[Raw data Boundary: Start]
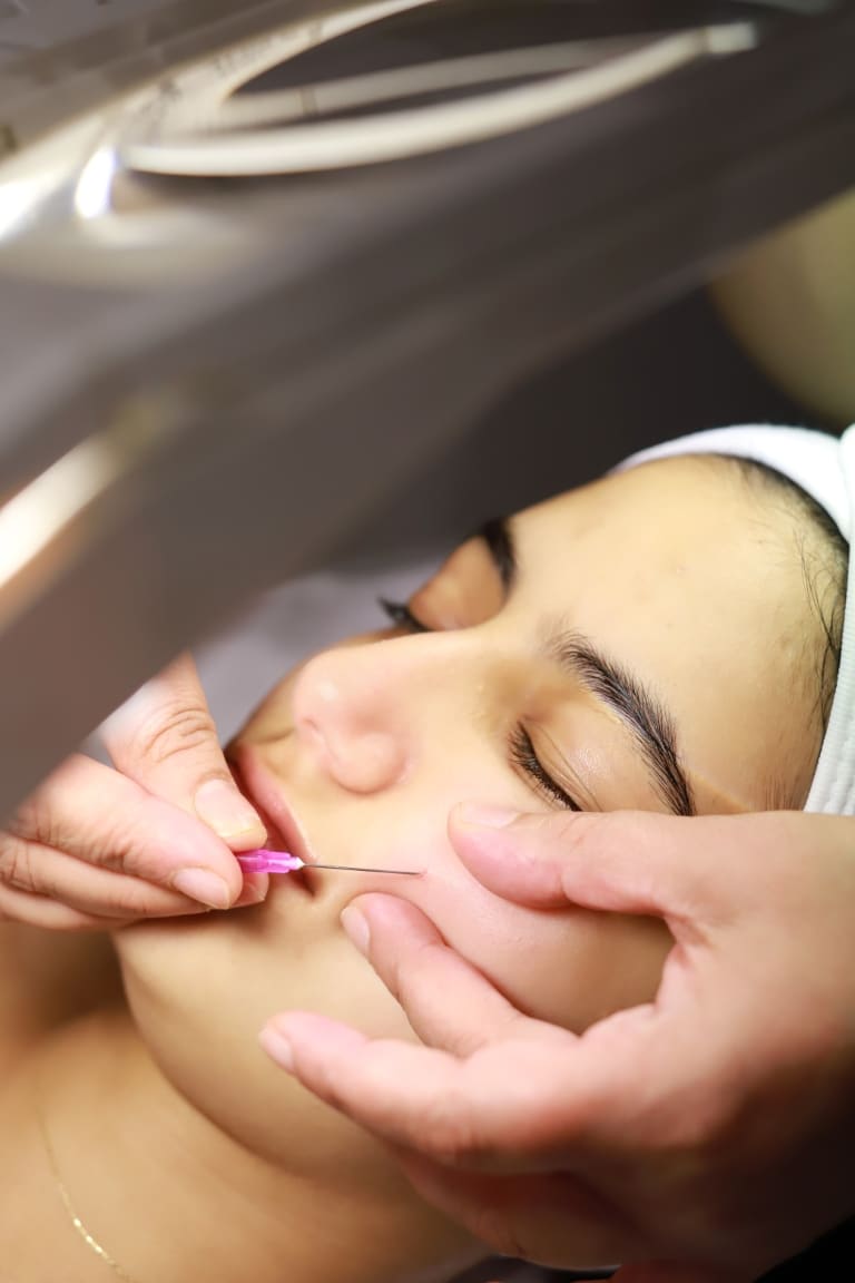 - Huidanalyse en reiniging: De huid wordt grondig gereinigd om onzuiverheden en overtollig talg te verwijderen, waardoor de huid beter kan ademen
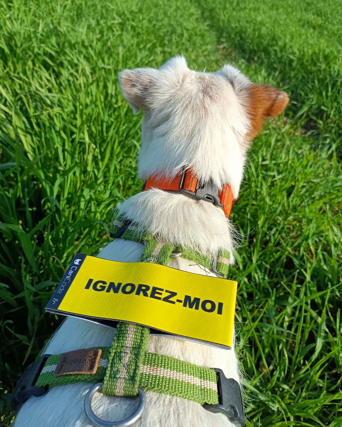 Preventive Scratch CaniCode® with color code and message. They are lightweight, made of highly resistant laminated material (do not tear easily and are rainproof). The double-sided model is suitable for all types of harnesses, leashes, or collars. All our CaniCodes have been handmade in Auvergne since 2016.
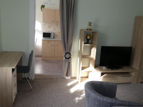 Holiday apartement for two persons (45 m²), located close to the centre of Zittau, a short walk from the main station and the station of the narrow-gauge-railway. Parking space available, also for motorbikes and bicycles. Garage possible (5,00 € p.d.). A coffee-shop with breakfast offer is in a distance of 50 m.
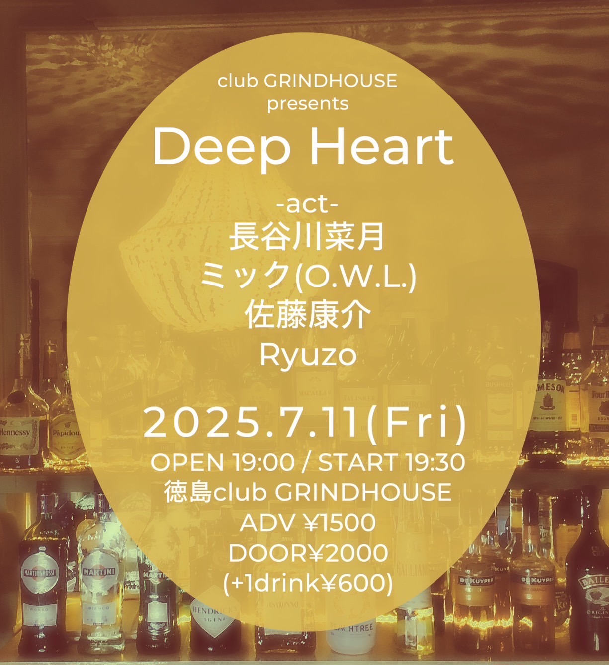club GRINDHOUSE 企画 Deep Heart カテゴリ: 音楽 club GRINDHOUSE 企画 Deep Heart 概要 チケット ADV ¥1500 / DOOR ¥2000 (+1D ¥600) 時間 19:00 / 19:30 出演 長谷川菜月 ミック(O.W.L.) 佐藤康介 Ryuzo お問い合わせ 徳島club GRINDHOUSE 日時 2025年 7月 11日 19:00 日付: 2025/07/11 7:00 PM 会場: club GRINDHOUSE カテゴリ: 音楽 地図 770-0934 徳島県徳島市秋田町2-23 ジョイフルビル3F club GRINDHOUSE
[Raw data Boundary: End]
## Problem details
Where the material above includes pictures, omit them and retype everything else exactly.

## Answer to the exercise
 - Huidanalyse en reiniging: De huid wordt grondig gereinigd om onzuiverheden en overtollig talg te verwijderen, waardoor de huid beter kan ademen
 Preventive Scratch CaniCode® with color code and message. They are lightweight, made of highly resistant laminated material (do not tear easily and are rainproof). The double-sided model is suitable for all types of harnesses, leashes, or collars. All our CaniCodes have been handmade in Auvergne since 2016.
 Holiday apartement for two persons (45 m²), located close to the centre of Zittau, a short walk from the main station and the station of the narrow-gauge-railway. Parking space available, also for motorbikes and bicycles. Garage possible (5,00 € p.d.). A coffee-shop with breakfast offer is in a distance of 50 m.
club GRINDHOUSE 企画 Deep Heart カテゴリ: 音楽 club GRINDHOUSE 企画 Deep Heart 概要 チケット ADV ¥1500 / DOOR ¥2000 (+1D ¥600) 時間 19:00 / 19:30 出演 長谷川菜月 ミック(O.W.L.) 佐藤康介 Ryuzo お問い合わせ 徳島club GRINDHOUSE 日時 2025年 7月 11日 19:00 日付: 2025/07/11 7:00 PM 会場: club GRINDHOUSE カテゴリ: 音楽 地図 770-0934 徳島県徳島市秋田町2-23 ジョイフルビル3F club GRINDHOUSE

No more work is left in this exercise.